Introduction

Oral anticoagulation enables effective stroke prevention in patients with atrial fibrillation (AF) who are at risk for this severe complication. Based on the CHA2DS2-VASc score, patients with AF are advised whether or not to start anticoagulation [1]. The downside of using anticoagulation is a continuous risk of bleeding, and this risk impacts on quality of life and negatively influences drug adherence [2]. Previous AF guidelines used the HAS-BLED score to assess the risk for anticoagulation-associated bleeding [1]. However, the latest European guidelines on the management of AF did not include this particular score, but recommend evaluation of individual bleeding risk factors, and where possible treatment of the individual bleeding risk factors [1]. With the increasing number of co-morbidities and interventions in the ageing population, such as stroke, cancer and percutaneous coronary intervention or peripheral arterial interventions, complex clinical scenarios frequently arise, which require individualised decision making. Examples of complicated scenarios are: patients with stable coronary artery disease and percutaneous coronary intervention, patients with intracranial haemorrhage or recurrent bleeding in whom there is doubt about how and when to re-start anticoagulation, management of anticoagulation in those with active malignancy and AF. Most of those scenarios are not fully covered by current guidelines and clear recommendations are lacking. Medical management is further complicated by the availability of a broad spectrum of antithrombotic agents, including four different direct oral anticoagulants (DOACs). In the absence of clear recommendations, a multidisciplinary panel was instituted to discuss complex clinical situations, guided by available evidence from randomised controlled trials, post hoc analyses, and cohort and registry studies. This paper summarises the clinical situations discussed and formulates recommendations for decision making.

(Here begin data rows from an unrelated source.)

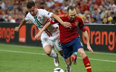 شب گذشته دو تیم اسپانیا و پرتغال در مرحله نیمه یورو 2012 به مصاف هم رفتند و پس از 120 دقیقه تلاش، اسپانیایی ها در ضربات پنالتی 4 بر 2 از سد پرتغال گذشتند.
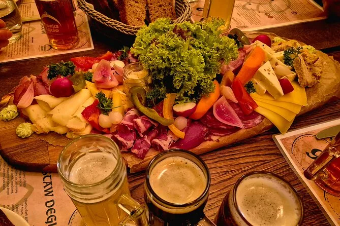 Your evening includes a guided walk through Gdańsk Old Town with at least thirteen tastings across three or more restaurants (think wild boar stew or pickled herring), one craft beer plus a shot of Polish vodka (or non-alcoholic alternatives for younger guests), all led by a local guide sharing stories about city life and traditions along the way.
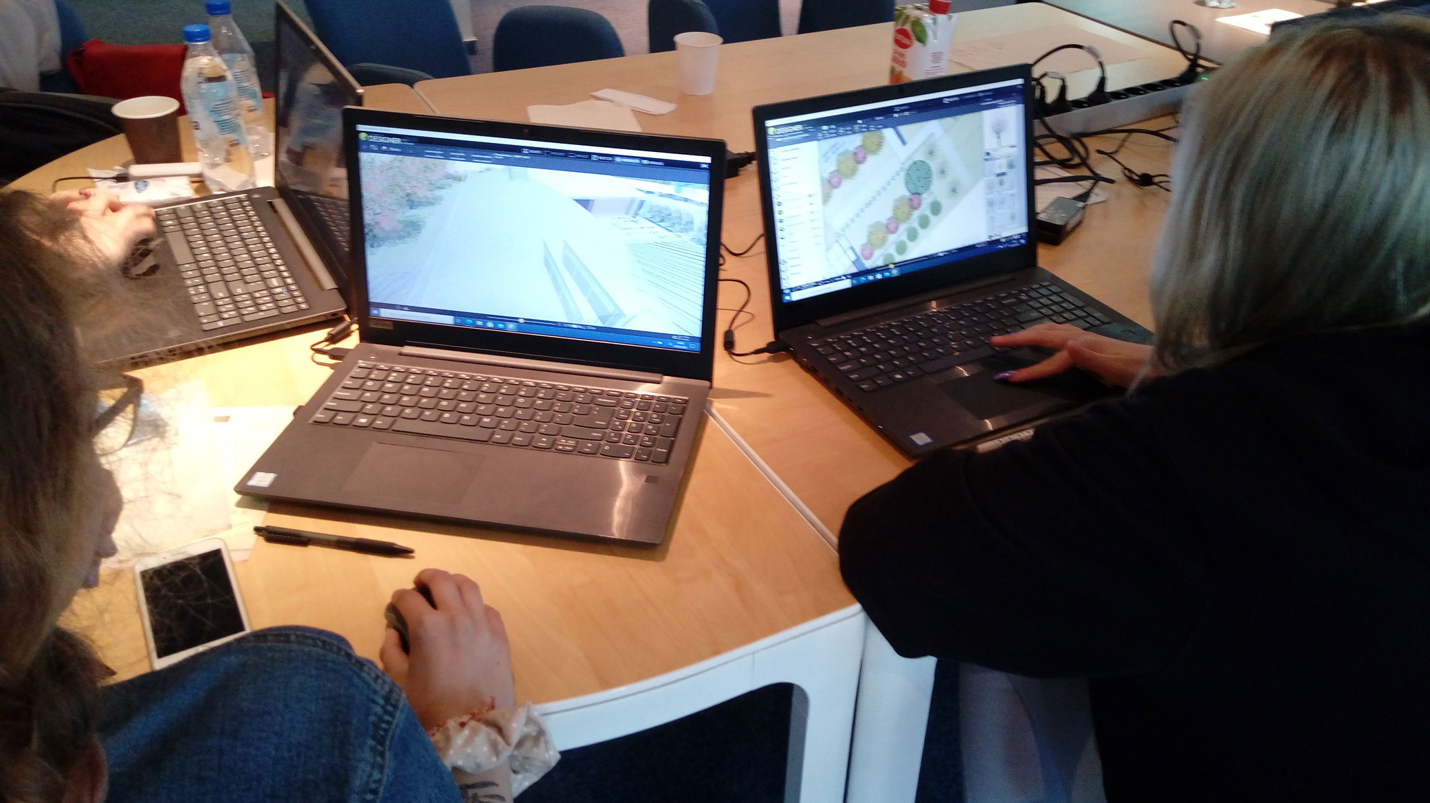Po zapoznaniu się uczestniczek szkolenia z funkcjami programu i wykorzystaniu plików szkoleniowych pod kierunkiem inż. Andrzeja Komakowskiego utworzyły zestawienia roślin i materiałów wykorzystanych w projekcie i wykonały stosunkowo najtrudniejszy element- ukształtowanie terenu.

Clinical situation A: chronic coronary artery disease (following percutaneous coronary intervention) and AF

Clinical case scenario

A 62-year-old woman with known paroxysmal AF and hypertension undergoes coronary angiography for angina and documented ischaemia. The coronary angiogram shows a significant stenosis for which a percutaneous coronary intervention (PCI) is performed. What would be the best anticoagulation strategy to pursue?

What is in the European Society of Cardiology guidelines?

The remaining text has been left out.